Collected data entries

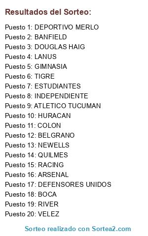 Lista de participantes: ARSENAL, BANFIELD, BELGRANO, BOCA, ESTUDIANTES, GIMNASIA, ATLETICO TUCUMAN, HURACAN, INDEPENDIENTE, DEPORTIVO MERLO, DEFENSORES UNIDOS, LANUS, NEWELLS, QUILMES, RACING, COLON, RIVER, DOUGLAS HAIG, TIGRE, VELEZ.
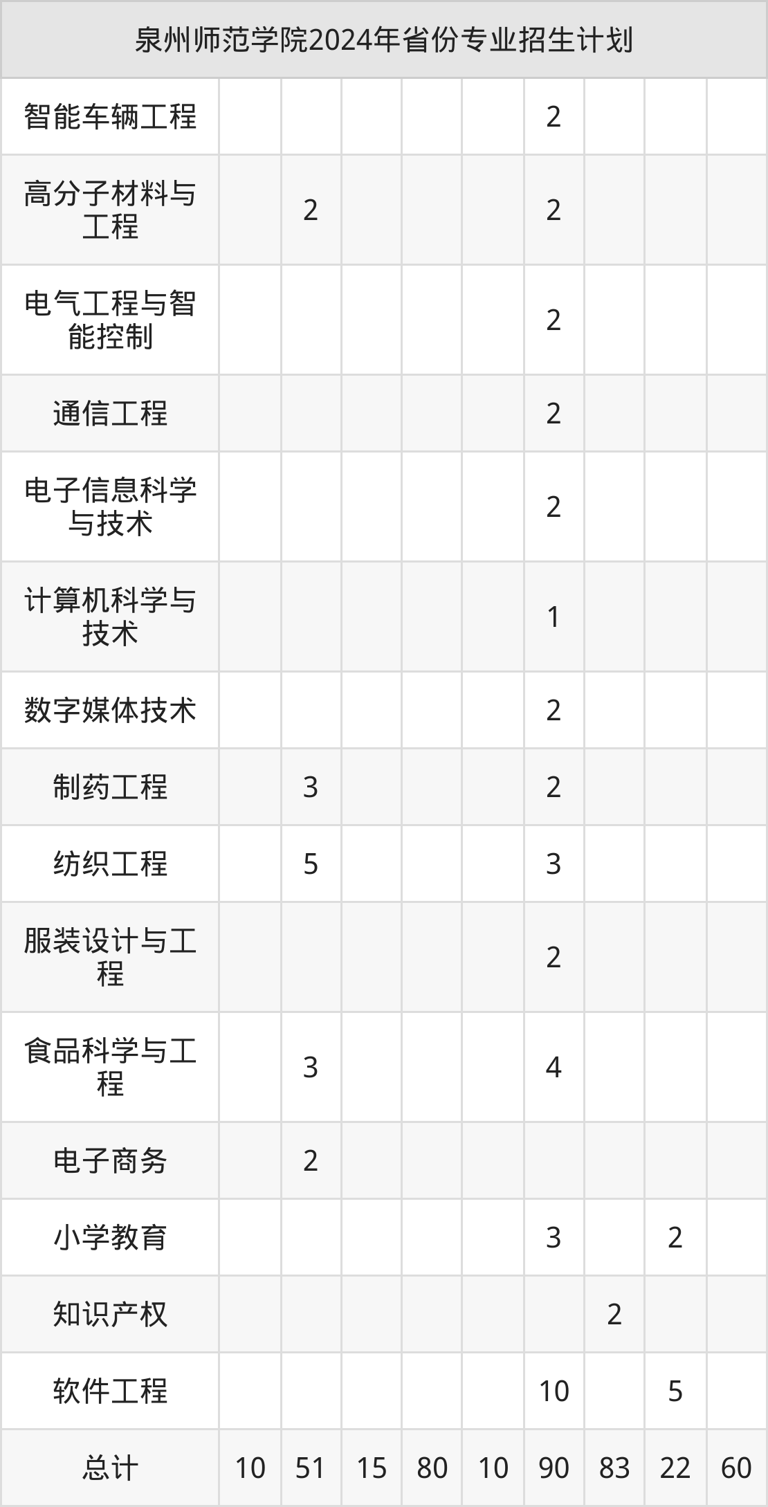 2024年泉州师范学院计划招收本科生1852人,其中高分子材料与工程专业60人,计算机科学与技术专业31人,软件工程专业36人,数学与应用数学专业46人,英语专业74人等。
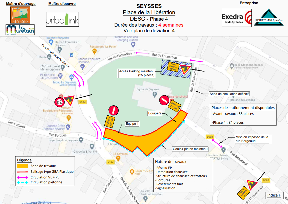 Pendant travaux : environ 84 places - Plan de déviation
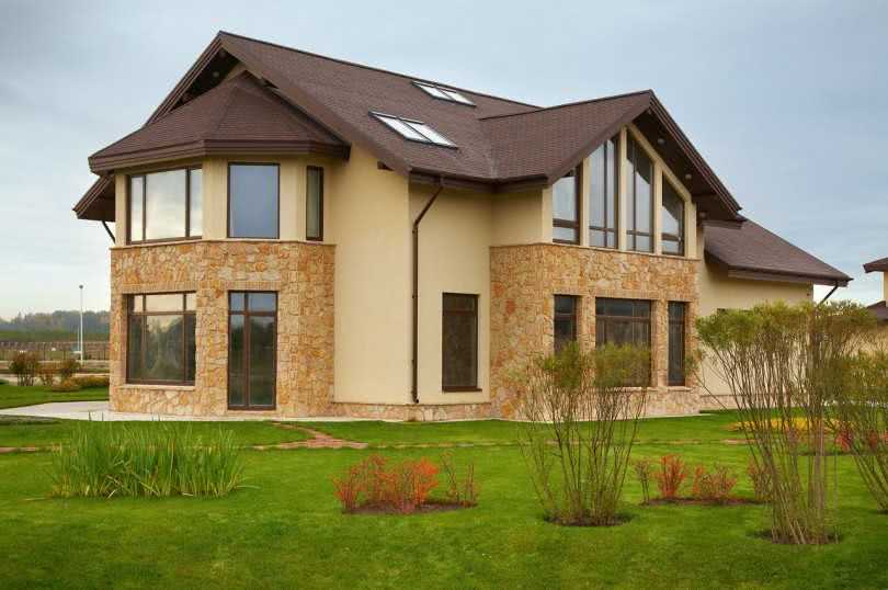 Фасад, оформленный кирпичом и штукатуркой Источник roomester.ru
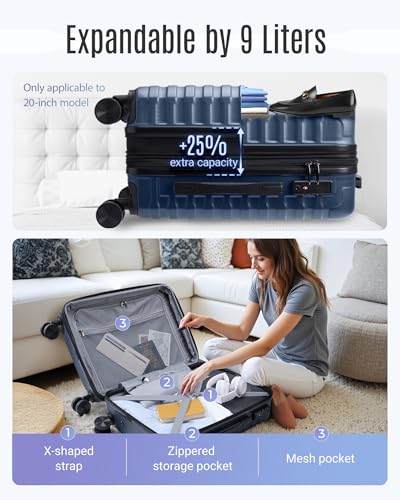 Durable Construction: Crafted from high-quality ABS material, hard shell luggage sets offer exceptional durability while remaining lightweight. The textured surface not only enhances aesthetic appeal but also provides scratch resistance, ensuring luggage looks pristine after every journey. The 20 inch carry on luggage is airline approved and features a 25% expandable capacity, and the 24-inch and 28-inch suitcases are standard versions and do not offer an expandable feature. Capacity : 20″ (42L, expandable), 24″ (58L, non-expandable), 28″(80L, non-expandable)
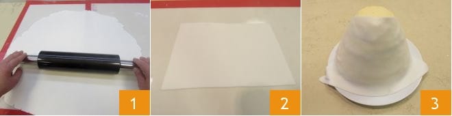 At this point, start decorating your Barbie cake. Take 5.3 oz of the 17.6 oz of white sugar paste and roll it out on a mat 1 dusted with cornstarch. Make sure to form a rectangle 2, thin enough, about 1/8 inch thick, that will allow you to cover about half of the cake. Then position it horizontally on the part of the cake facing you and make it adhere well to the buttercream, without folding the upper edge of the sugar paste layer over the sponge cake 3.
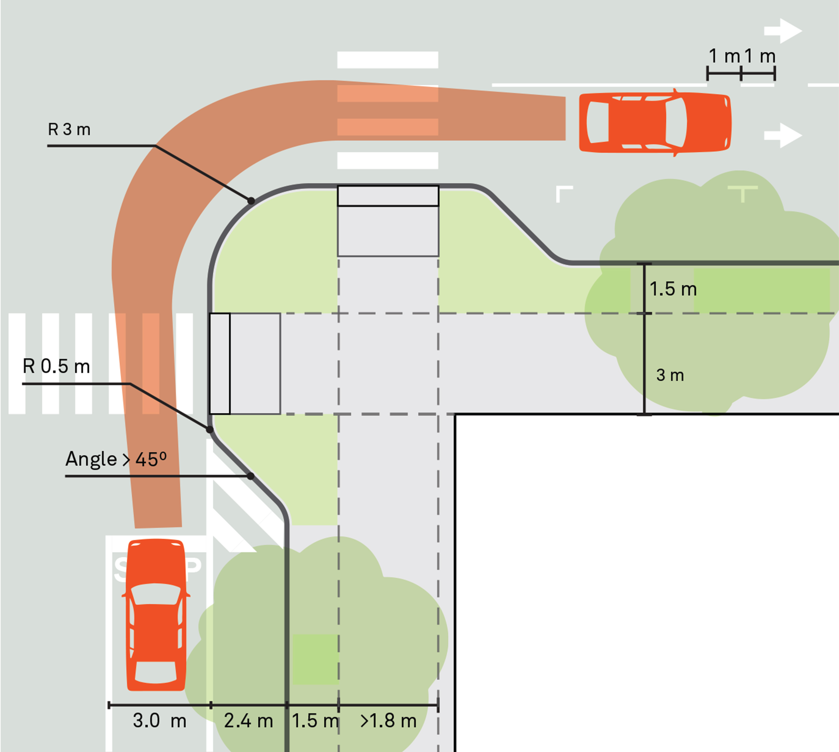 Minimize corner radii to slow turning vehicles, keep intersections compact, and ensure safe, pedestrian-friendly spaces. Corner radii in urban areas can be as small as 0.6 m.
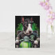 Un ami à fourrure derrière le guidon d'un vélo vert brillant, portant une tenue de Saint-Patrick verte qui fait tourner les têtes. Le chien est vêtu d'une tenue de fête, avec un nœud papillon vert et un haut-de-forme assorti qui repose confortablement sur sa tête. La tenue présente des motifs complexes de trèfles et de lutins, ce qui montre clairement que ce chien est prêt à célébrer la Saint-Patrick dans le style.
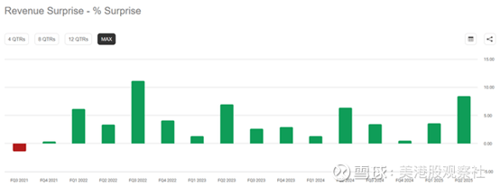 其次,营收表现与此类似——过去15个季度中,天弘科技营收持续超出市场预期。
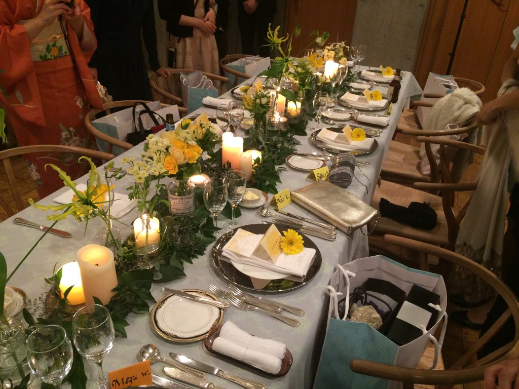 さて、あたたかで楽しげなセレモニー、そして素敵なフラワーシャワーの後、室内に移動し、”披露宴”が始まった。
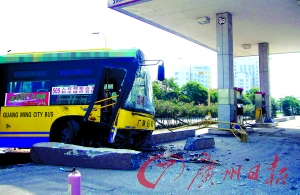 據(jù)加油站的一位員工回憶,事發(fā)時,站內(nèi)正有一輛小車在加油。突然,只聽“轟隆”的幾聲巨響,一輛505路公交車就沖了進(jìn)來,并當(dāng)場撞斷路燈直奔加油站。這時,他的一位正在為小車加油的工友看到被撞斷的燈柱就要砸到自己,嚇得立即丟下加油槍,一個飛身躲到了一旁!靶姨澏汩W及時,否則會被路燈砸傷。”
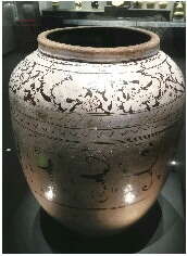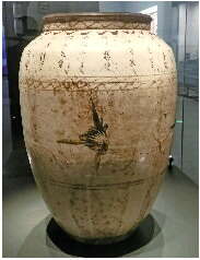 酒须豪饮,但不要贪杯。同样还是盛酒器,也有控制酒量的广告词。如邯郸博物馆陈列有一件明代白釉褐花酒海(如图②)。口沿下书一圈文字:“隆庆五年(1571年)二月,韩氏吉造酒海”。酒海是古代对大型盛酒容器的称谓。如唐代诗人白居易在《就花枝》诗中就写到酒海——“就花枝,移酒海,今朝不醉明朝悔。”我们熟悉的小说《水浒传》第八十二回中:朝廷派宿太尉带着御酒去梁山招安,在宣读完诏书后,“(宿太尉)叫开御酒,取过银酒海,都倾在里面,随即取过镟杓舀酒,就堂前温热,倾在银壶内。”古代一些场合,尤其是在基层民众中,酒要像《水浒传》里描绘的那样用勺子或瓢舀着喝,酒海因为体形庞大且易于饮者取放饮用,因此广受追捧。有意思的是在酒海肩部还写有一篇词:“贤良是孟江(姜),孝顺是王祥。在家敬父母,何须远烧香。女贤是孟江(姜),二郎担山赶太阳。三人哭活子(紫)荆树,王祥卧兵(冰)救亲娘。”(如图③)
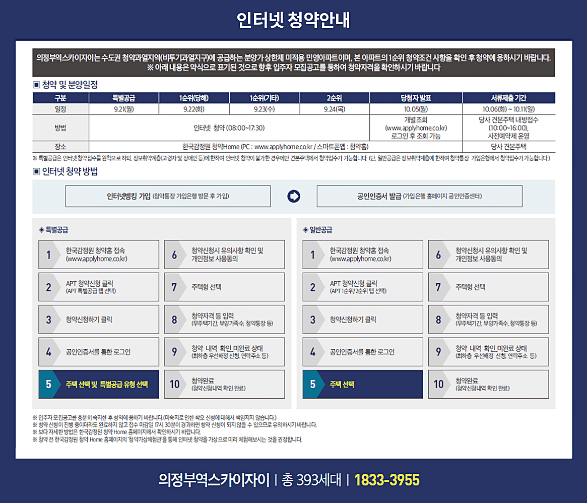 청약 일정은 9월 21일 특별공급을 시작으로, 22일 1순위 당해지역 청약을 받는다. 보다 자세한 내용은 아래 의정부역스카이자이 홈페이지 사이트 참고하세요!
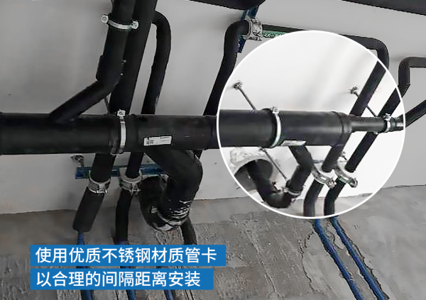 吉博力HDPE管道采用热熔焊接工艺,同材质无缝对接,配合使用优质不锈钢材质减震管卡,以合理的间隔距离安装,能安全受力,有效隔绝结构传声,减少排水时管道的震动和抖动,降低噪音。整体安装上,选用小弯头或减少弯头,减少和避免水流方向变化产生的噪音。保证了管道系统的长期稳定性,更让住宅排水静音效果落到实处。
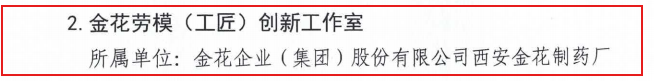 深耕醫(yī)藥創(chuàng)新 賦能高質(zhì)量發(fā)展 —— 金花股份勞模工匠創(chuàng)新工作室入選省級重點支持名單
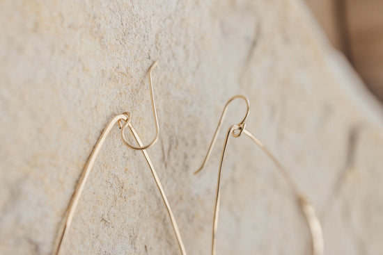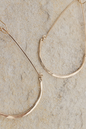 Minimalistic 100% 14k gold filled or sterling silver tear drop earrings, hand formed and hammered with a gorgeous texture. Although these are some of our biggest statement earrings, they they hold a simple & delicate look. The tear drop shape hangs perfectly on anyone, playful and beautiful. Dress the Aperelli Drops up or down for any occasion. Water safe. Earrings measure approximately 3.5" by 1 3/4". Medium to light weight.
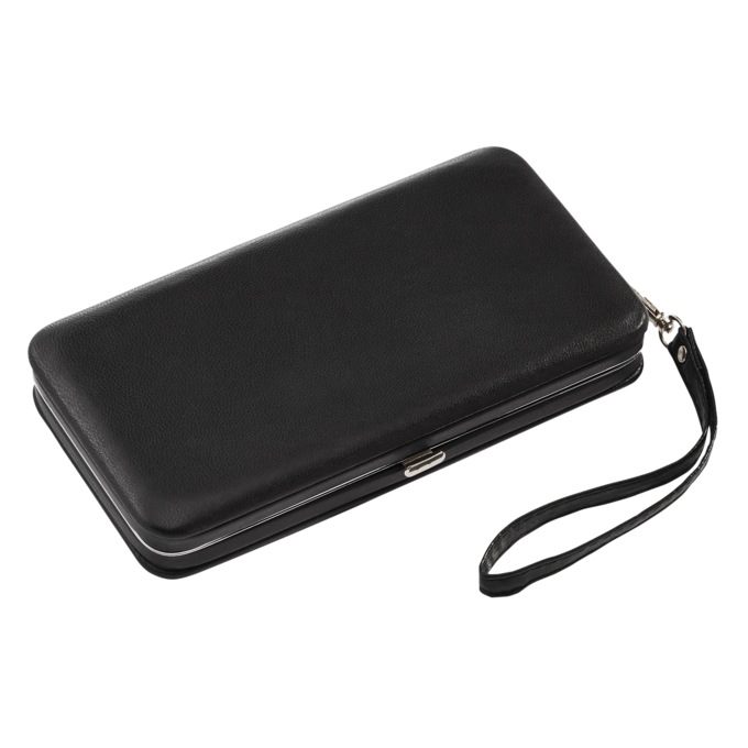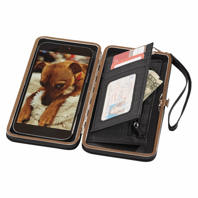 Streamline your essentials and keep them safe in this compact, functional phone wallet. Its hard shell, metal case protects your phone and valuables plus it is RFID blocking. Soft suction cup insert ensures a firm grip when on the move. 6 credit card slots, 1 ID window, zippered change pocket and wide pocket for bills. Removable wrist strap. Leather/polyester/iron. 7.25"W x 3.88"H x .88"D closed.
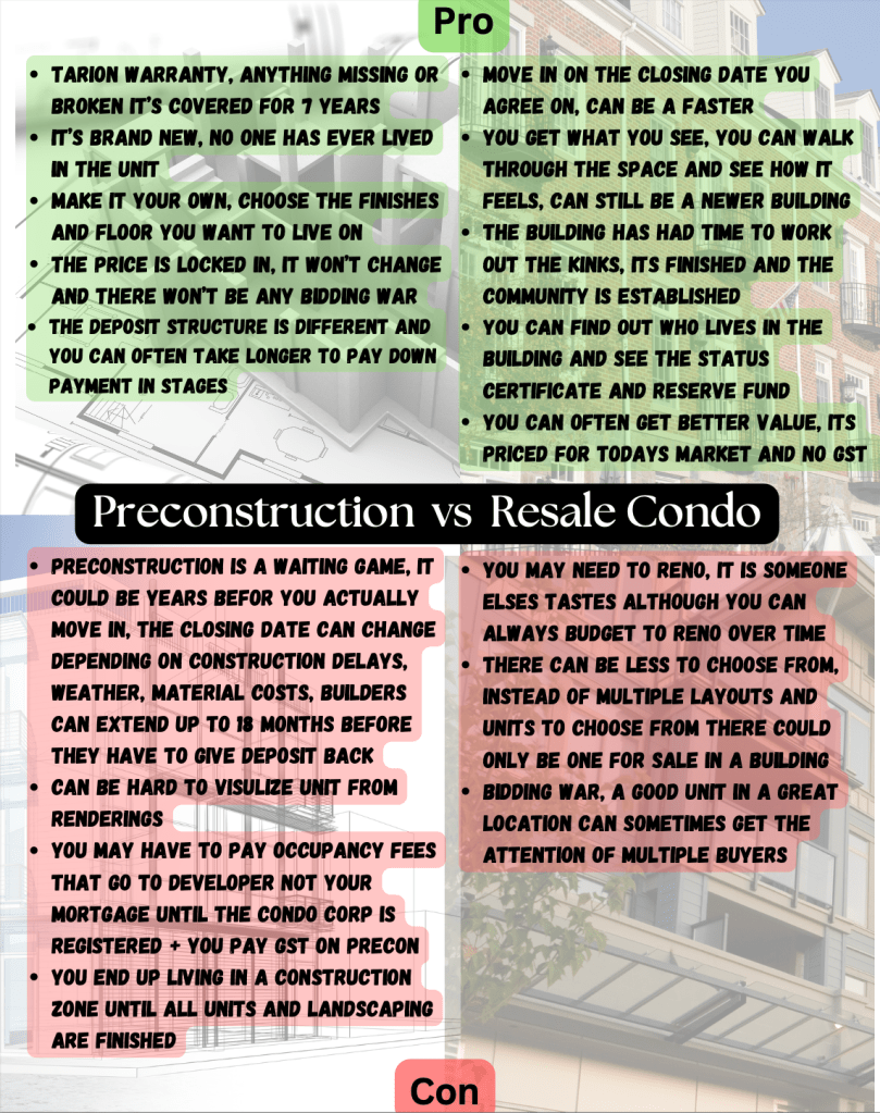 Higher Price: Preconstruction condos may be priced higher compared to resale units, even though you wonโt benefit from the property appreciating until itโs completed and occupied.
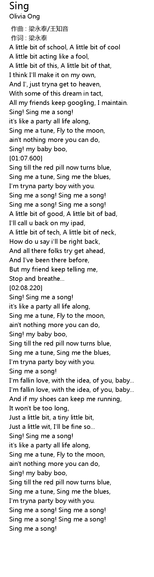 | [02:41.40] | Sing me a song! |
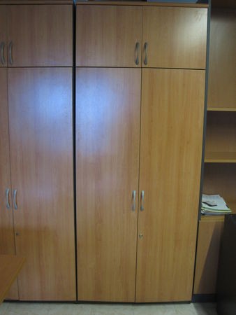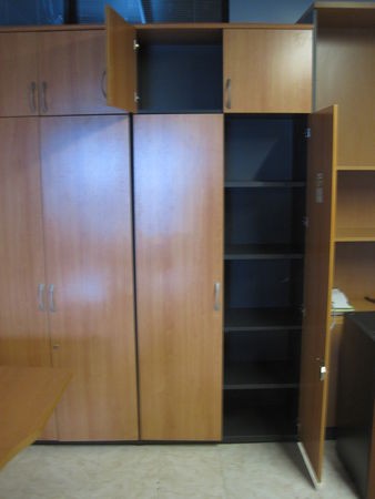 Armario alto de 2300 de altura, 920 de ancho y 400 de fondo, 4 estantes, maletero en la parte superior del armario, puertas altas, todo en melamina color peral-negro.
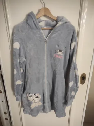 Bata de mujer suave y cómoda, perfecta para estar en casa. Presenta un diseño encantador con un gatito y nubes. - Estampado de nubes blancas. - Detalle de gatito en la parte delantera. - Cierre de cremallera. - Capucha integrada.
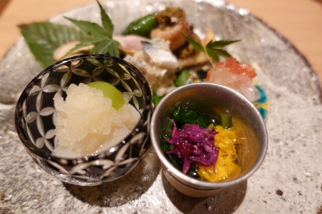 (マスカットと帆立みぞれ和え、落花生、〆鯖と菊花、子持ち鮎、鮑唐揚げ肝味噌、伏見唐辛子)
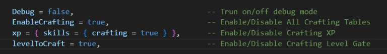 First thing you will find that is pretty important is the first few lines in the config.lua. These will control wether or not you see the debug zones, enable/disable crafting for the server, grant xp or not and if you want to enforce level requirement for crafting.

> _EXERCISE_:
Line for line, output the entries above from the line with "さて、あたたかで楽しげなセレ" to the line with "深耕醫(yī)藥創(chuàng)新 賦能高質(zhì)量發(fā)展 ——", both included, and nothing more. Skip pictures.

> _RESULT OF THE EXERCISE_:
 さて、あたたかで楽しげなセレモニー、そして素敵なフラワーシャワーの後、室内に移動し、”披露宴”が始まった。
 據(jù)加油站的一位員工回憶,事發(fā)時,站內(nèi)正有一輛小車在加油。突然,只聽“轟隆”的幾聲巨響,一輛505路公交車就沖了進(jìn)來,并當(dāng)場撞斷路燈直奔加油站。這時,他的一位正在為小車加油的工友看到被撞斷的燈柱就要砸到自己,嚇得立即丟下加油槍,一個飛身躲到了一旁!靶姨澏汩W及時,否則會被路燈砸傷。”
 酒须豪饮,但不要贪杯。同样还是盛酒器,也有控制酒量的广告词。如邯郸博物馆陈列有一件明代白釉褐花酒海(如图②)。口沿下书一圈文字:“隆庆五年(1571年)二月,韩氏吉造酒海”。酒海是古代对大型盛酒容器的称谓。如唐代诗人白居易在《就花枝》诗中就写到酒海——“就花枝,移酒海,今朝不醉明朝悔。”我们熟悉的小说《水浒传》第八十二回中:朝廷派宿太尉带着御酒去梁山招安,在宣读完诏书后,“(宿太尉)叫开御酒,取过银酒海,都倾在里面,随即取过镟杓舀酒,就堂前温热,倾在银壶内。”古代一些场合,尤其是在基层民众中,酒要像《水浒传》里描绘的那样用勺子或瓢舀着喝,酒海因为体形庞大且易于饮者取放饮用,因此广受追捧。有意思的是在酒海肩部还写有一篇词:“贤良是孟江(姜),孝顺是王祥。在家敬父母,何须远烧香。女贤是孟江(姜),二郎担山赶太阳。三人哭活子(紫)荆树,王祥卧兵(冰)救亲娘。”(如图③)
 청약 일정은 9월 21일 특별공급을 시작으로, 22일 1순위 당해지역 청약을 받는다. 보다 자세한 내용은 아래 의정부역스카이자이 홈페이지 사이트 참고하세요!
 吉博力HDPE管道采用热熔焊接工艺,同材质无缝对接,配合使用优质不锈钢材质减震管卡,以合理的间隔距离安装,能安全受力,有效隔绝结构传声,减少排水时管道的震动和抖动,降低噪音。整体安装上,选用小弯头或减少弯头,减少和避免水流方向变化产生的噪音。保证了管道系统的长期稳定性,更让住宅排水静音效果落到实处。
 深耕醫(yī)藥創(chuàng)新 賦能高質(zhì)量發(fā)展 —— 金花股份勞模工匠創(chuàng)新工作室入選省級重點支持名單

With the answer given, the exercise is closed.